[Directions] Only the lines below from the one with "Dolgozók, 36. évf. 1982. április 22. 16. sz." through the one with "734 | 264 | 14 |" are to be written out, exactly and without any images.

───── Listed entries

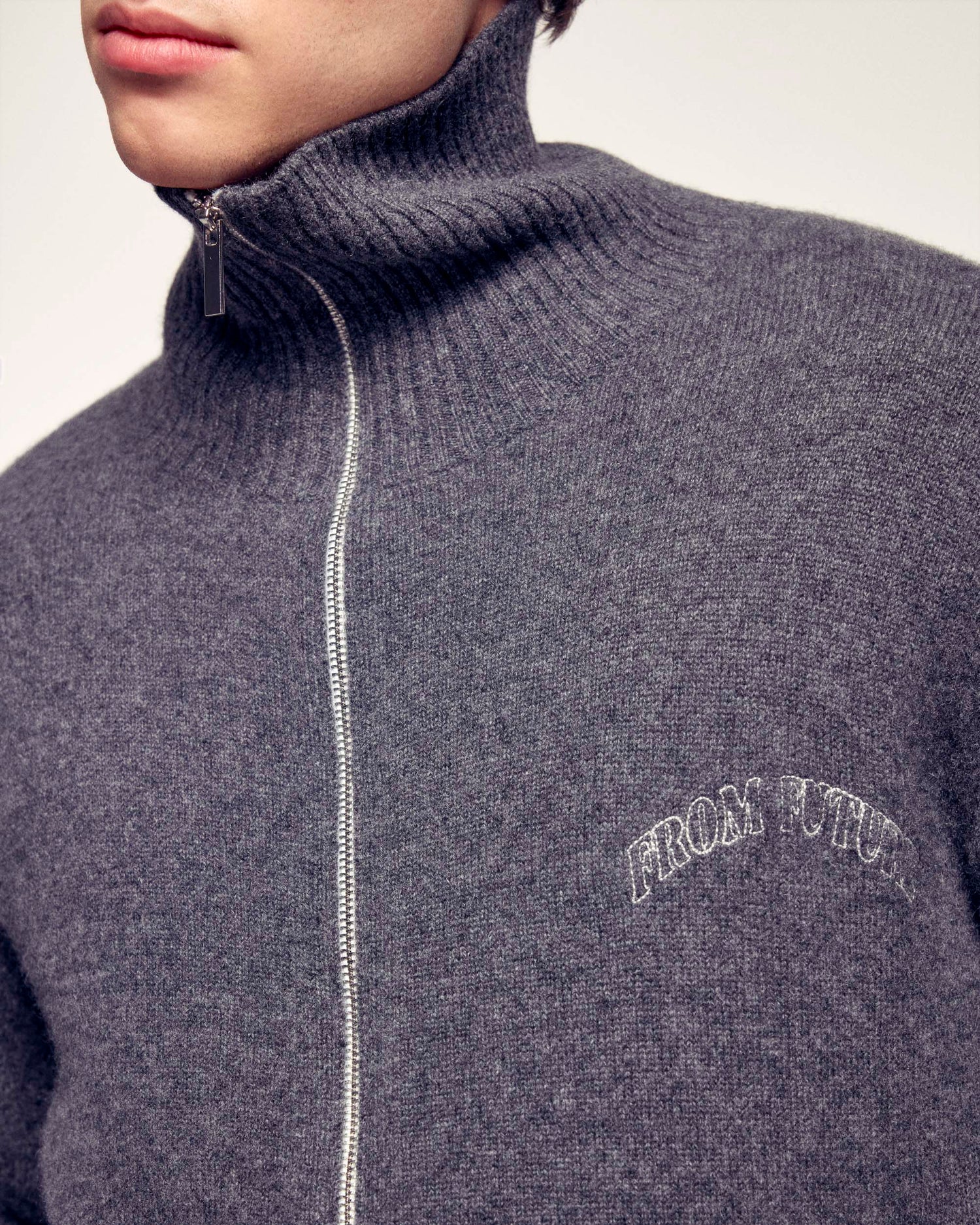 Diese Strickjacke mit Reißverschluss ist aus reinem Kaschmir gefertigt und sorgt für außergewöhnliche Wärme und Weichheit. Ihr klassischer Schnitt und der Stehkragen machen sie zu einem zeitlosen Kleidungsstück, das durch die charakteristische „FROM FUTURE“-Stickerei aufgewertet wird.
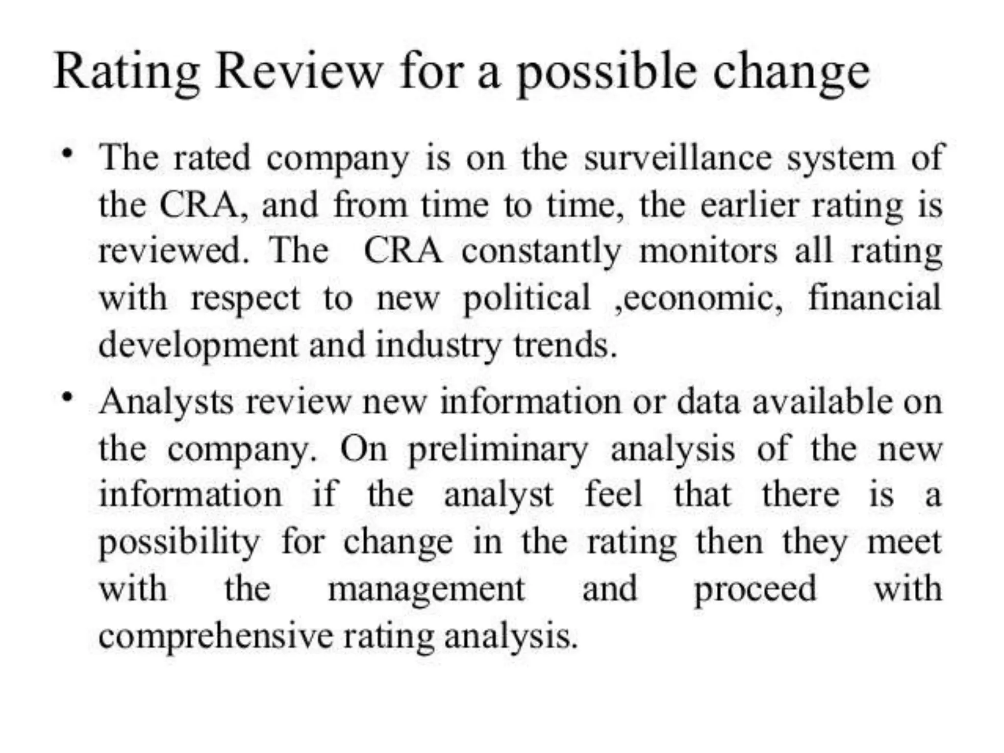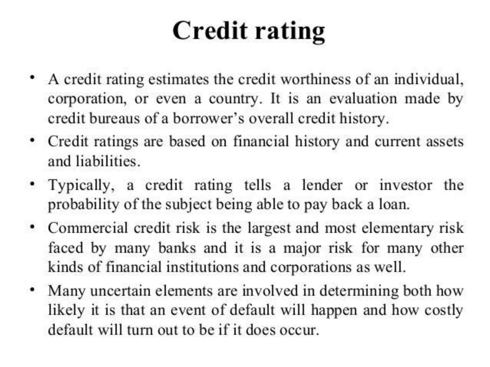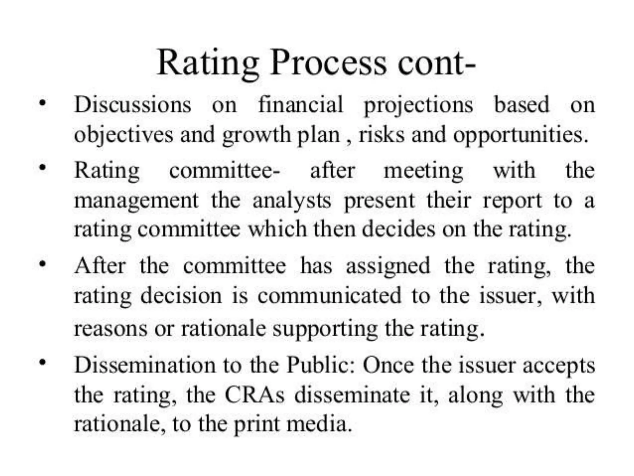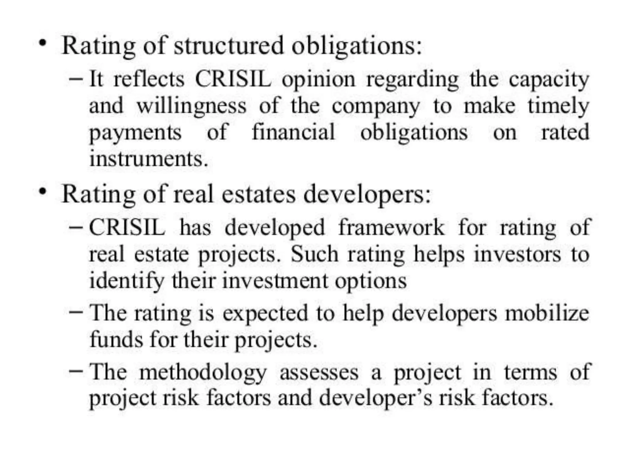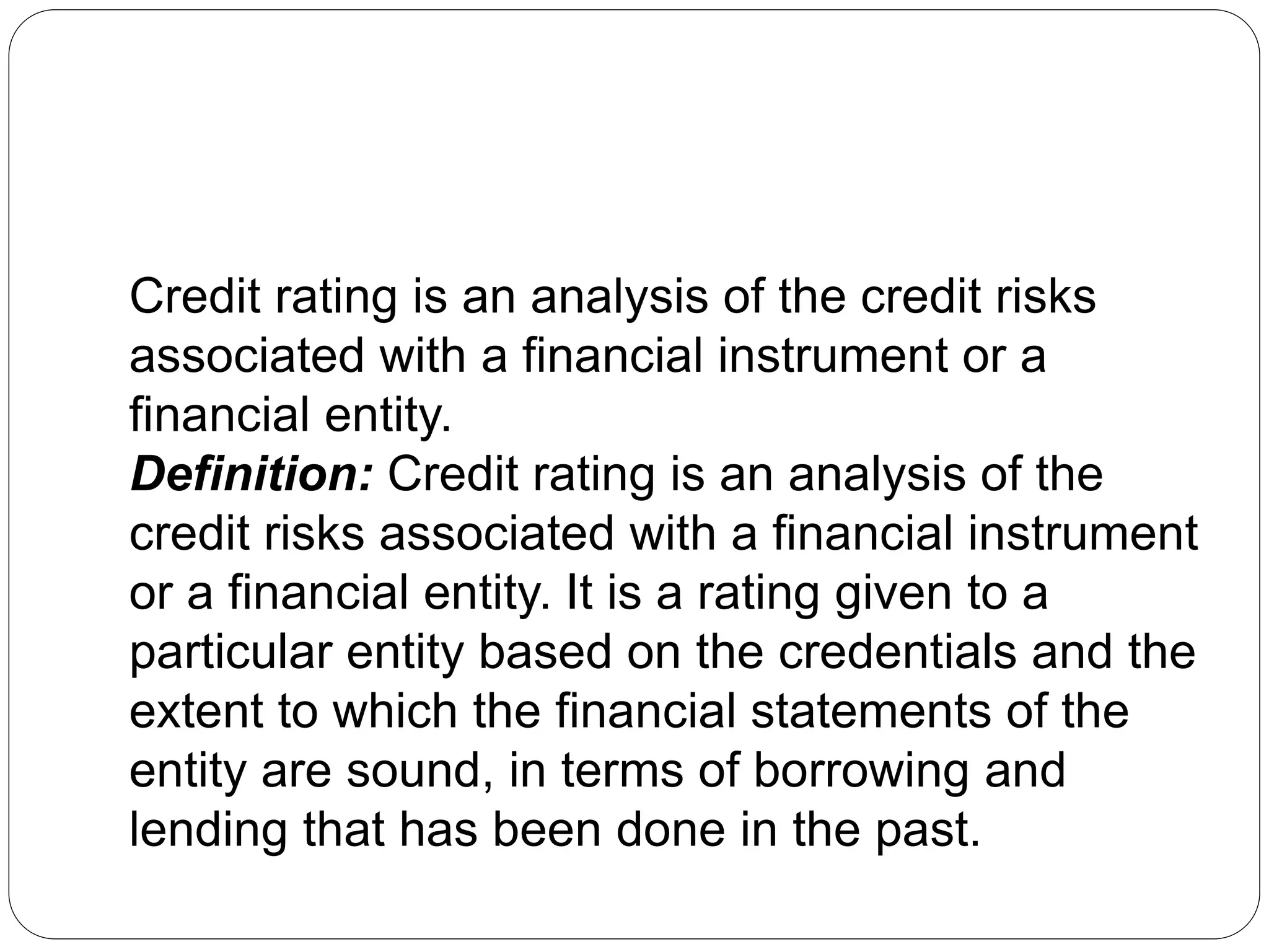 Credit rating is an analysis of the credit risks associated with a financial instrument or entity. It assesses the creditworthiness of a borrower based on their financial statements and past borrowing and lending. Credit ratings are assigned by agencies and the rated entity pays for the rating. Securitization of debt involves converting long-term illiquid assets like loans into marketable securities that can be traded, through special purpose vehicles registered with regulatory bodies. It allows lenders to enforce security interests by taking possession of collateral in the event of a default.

──────────
───── Listed entries

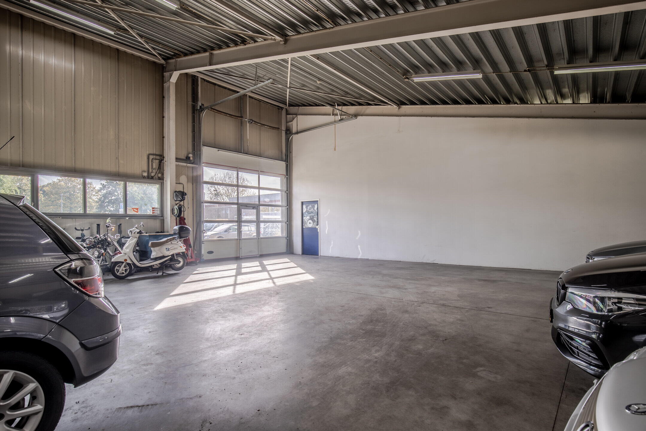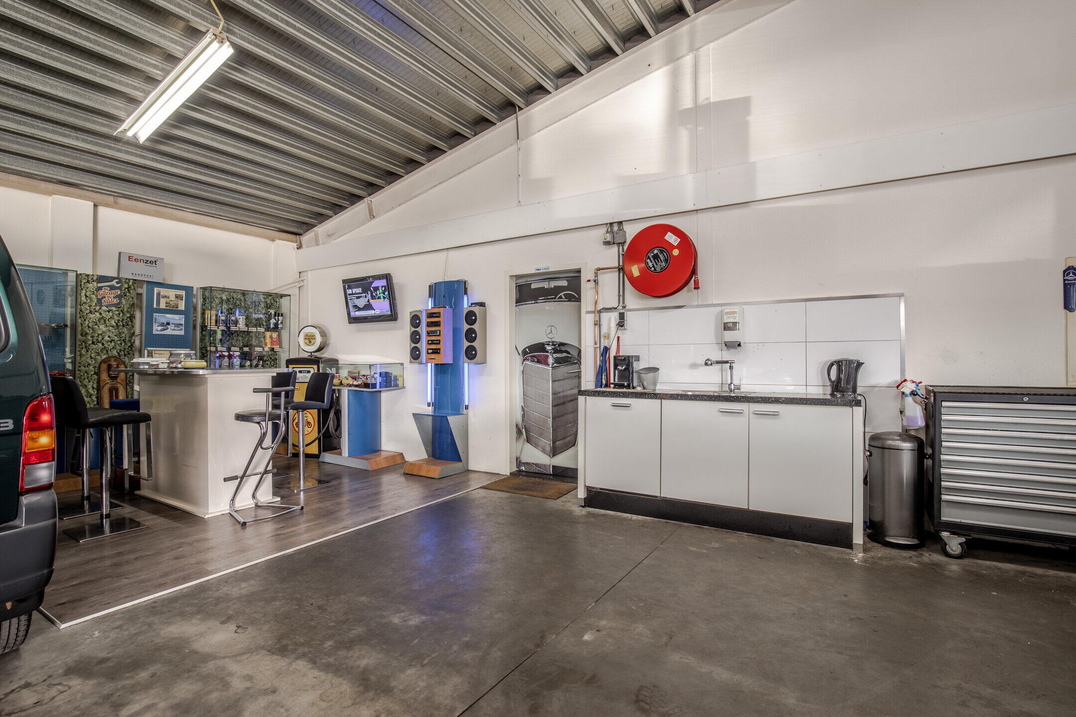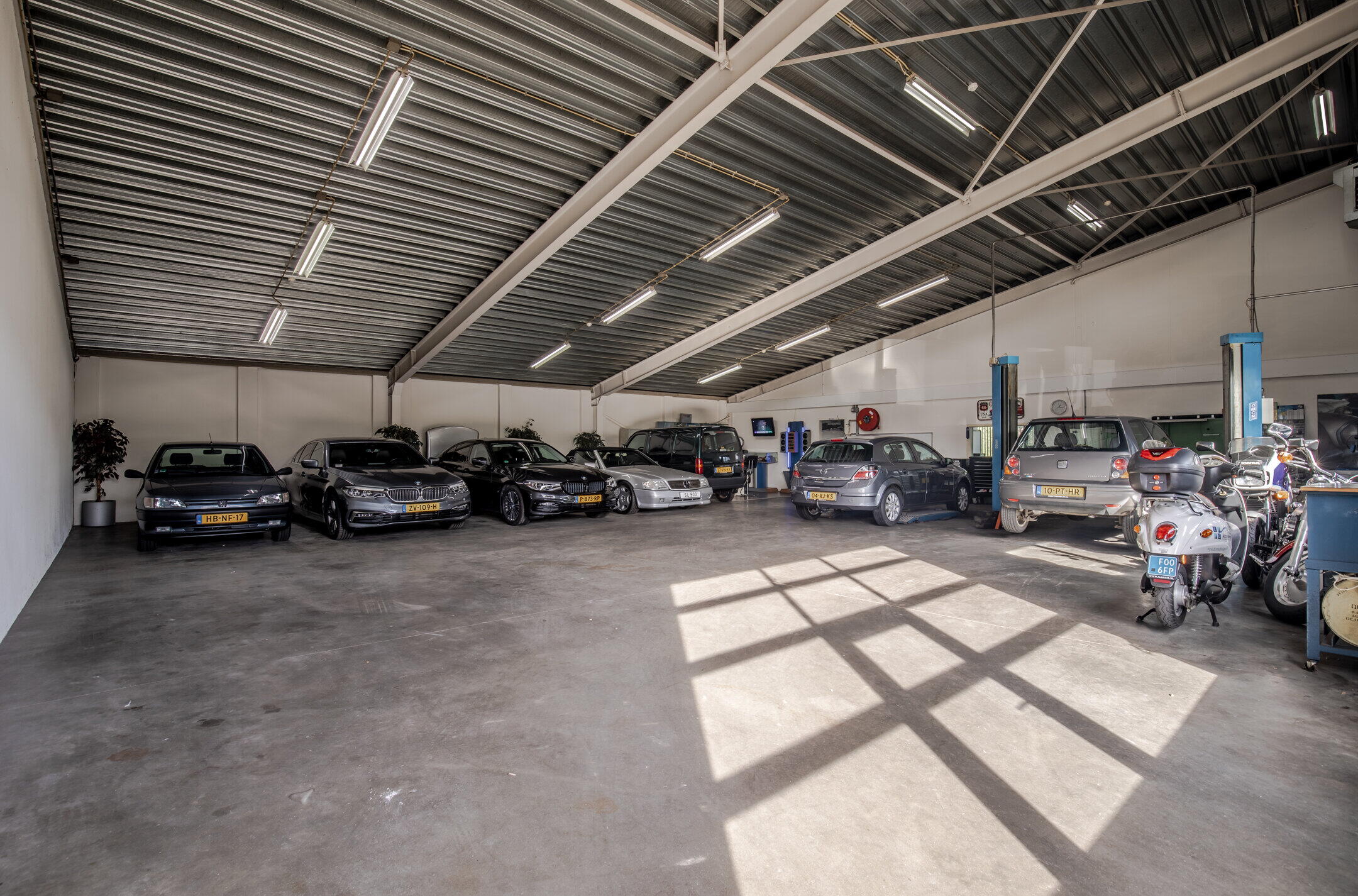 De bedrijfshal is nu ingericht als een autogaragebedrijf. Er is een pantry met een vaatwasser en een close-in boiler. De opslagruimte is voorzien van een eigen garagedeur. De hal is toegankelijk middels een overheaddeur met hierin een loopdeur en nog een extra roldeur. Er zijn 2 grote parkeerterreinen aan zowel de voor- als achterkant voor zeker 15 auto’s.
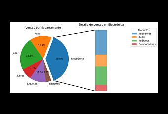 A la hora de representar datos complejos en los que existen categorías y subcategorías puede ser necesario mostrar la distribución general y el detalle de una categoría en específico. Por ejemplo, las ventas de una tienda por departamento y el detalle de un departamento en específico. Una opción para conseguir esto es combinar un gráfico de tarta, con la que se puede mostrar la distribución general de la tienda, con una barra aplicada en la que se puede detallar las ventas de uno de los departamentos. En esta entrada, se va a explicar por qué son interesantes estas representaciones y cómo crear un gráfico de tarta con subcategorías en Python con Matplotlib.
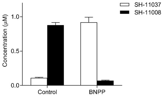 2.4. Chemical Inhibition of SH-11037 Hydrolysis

──────────
───── Listed entries

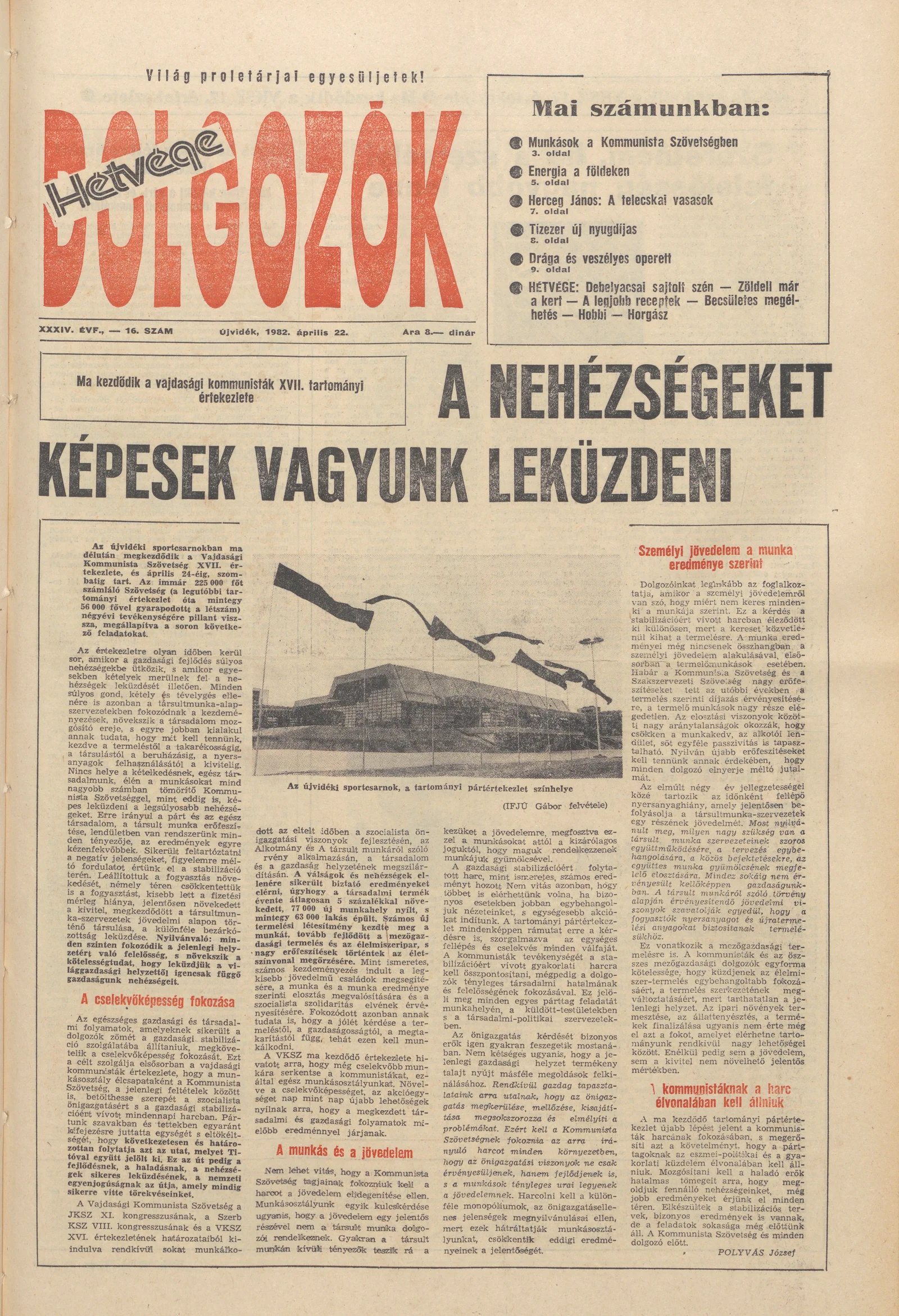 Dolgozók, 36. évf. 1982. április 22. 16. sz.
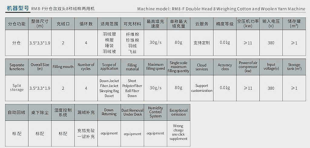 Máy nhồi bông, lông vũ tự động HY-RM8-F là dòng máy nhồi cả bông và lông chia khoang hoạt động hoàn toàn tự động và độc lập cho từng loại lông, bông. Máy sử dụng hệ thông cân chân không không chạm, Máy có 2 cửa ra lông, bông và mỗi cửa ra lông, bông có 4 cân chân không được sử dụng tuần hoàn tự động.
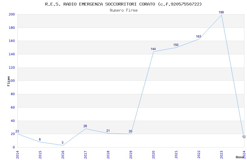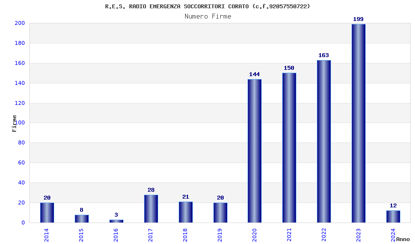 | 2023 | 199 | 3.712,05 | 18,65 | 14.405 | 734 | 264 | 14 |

──────────

[Answer]
 Dolgozók, 36. évf. 1982. április 22. 16. sz.
 Máy nhồi bông, lông vũ tự động HY-RM8-F là dòng máy nhồi cả bông và lông chia khoang hoạt động hoàn toàn tự động và độc lập cho từng loại lông, bông. Máy sử dụng hệ thông cân chân không không chạm, Máy có 2 cửa ra lông, bông và mỗi cửa ra lông, bông có 4 cân chân không được sử dụng tuần hoàn tự động.
 | 2023 | 199 | 3.712,05 | 18,65 | 14.405 | 734 | 264 | 14 |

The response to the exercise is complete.